Question

Integrate the function $\dfrac{1}{x{{\left( \log x \right)}^{m}}},x>0,m\ne 1$

Answer 1

Hint:Substitute $t=\log x$, differentiate them and put the values in the integral. Simplify the integral given by the basic integral formula. Replace $t$ with $\log x$ in the simplified integral.

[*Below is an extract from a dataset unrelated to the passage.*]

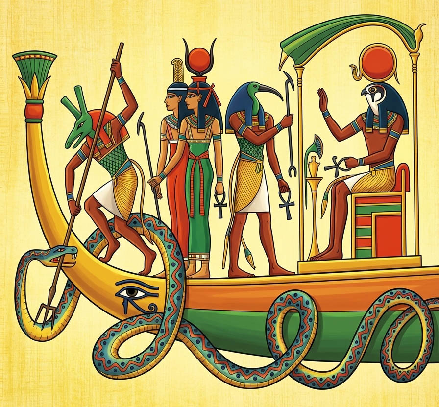 Много опасностей подстерегало богов, плывущих в Ладье Вечности, много удивительных приключений переживали они во время путешествия. Вот как проходило это путешествие.
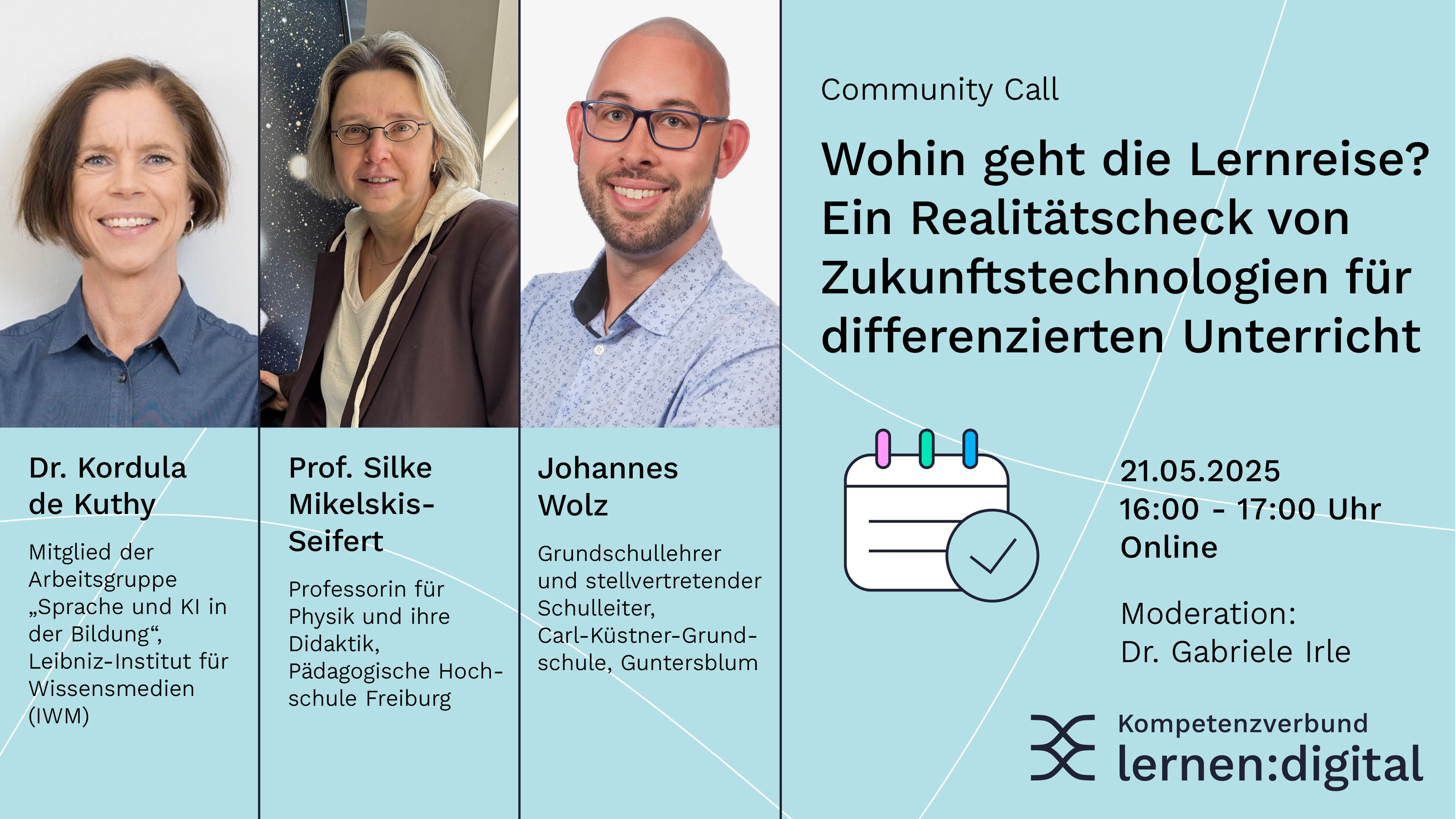 Im Gespräch zwischen Kordula De Kuthy (Wissenschaftliche Mitarbeiterin in der Arbeitsgruppe „Sprache und KI in der Bildung“, Leibniz-Institut für Wissensmedien (IWM)), Silke Mikelskis-Seifert (Professur für Physik und ihre Didaktik, Pädagogische Hochschule Freiburg, beteiligt am lernen:digital am Projekt MINT-ProNeD) und Johannes Wolz (Grundschullehrer und stellvertretender Schulleiter, Carl-Küster-Grundschule, Guntersblum, Betreiber des Blogs Milos Welt) das von Gabriele Irle (Wissenschaftliche Mitarbeiterin am Leibniz-Institut für Wissensmedien (IWM) und Redakteurin im lernen:digital Zukunftsraum) moderiert wurde, können Sie diese und weitere Themen rund im Zukunftstechnologien für differenzierten Unterricht vertiefen. Organisiert wurde der Community Call von den Redaktionsteams vom lernen:digital Zukunftsraum und schule-mal-digital.de.

Complete step-by-step answer:
Let’s consider $I=\int{\dfrac{1}{x{{\left( \log x \right)}^{m}}}dx\ldots \ldots (1)}$
Let’s assume that $\log x=t.$
$\begin{align}
  & \therefore x={{\log }^{-1}}t={{e}^{t}} \\
 & \Rightarrow x={{e}^{t}} \\
\end{align}$
Differentiate $\log x=t$ with respect to $x.$
$\begin{align}
  & \log x=t \\
 & \Rightarrow \dfrac{1}{x}dx=dt \\
\end{align}$
Now substitute these values in equation (1).
\[\begin{align}
  & I=\int{\dfrac{1}{x{{\left( \log x \right)}^{m}}}dx=\int{\dfrac{dt}{{{t}^{m}}}}} \\
 & I=\int{\dfrac{dt}{{{t}^{m}}}}=\int{{{t}^{-m}}dt\ldots \ldots (2)} \\
\end{align}\]
Now integrate equation (2).
We know \[\int{{{x}^{1}}dx=\dfrac{{{x}^{1+1}}}{1+1}=\dfrac{{{x}^{2}}}{2}}+c\] where c is a constant of integration.
Similarly, \[I=\int{{{t}^{-m}}=\left( \dfrac{{{t}^{-m+1}}}{-m+1} \right)+c}\]
\[I=\dfrac{{{t}^{1-m}}}{1-m}+c\]
Now replace $t$ with $\log x$, we get
\[\begin{align}
  & I=\dfrac{{{\left( \log x \right)}^{1-m}}}{1-m}+c \\
 & I=\dfrac{{{\left( \log x \right)}^{1}}\times {{\left( \log x \right)}^{-m}}}{\left( 1-m \right)}+c \\
 & I=\dfrac{1}{1-m}\times \dfrac{\log x}{{{\left( \log x \right)}^{m}}}+c \\
\end{align}\]

Note: The integration can be solved by basic integral formula \[\int{{{x}^{1}}dx=\dfrac{{{x}^{1+1}}}{1+1}=\dfrac{{{x}^{2}}}{2}}+c\]
Similarly \[\Rightarrow \int{1.dx=x+c;\int{a.dx=ax+c}}\] etc.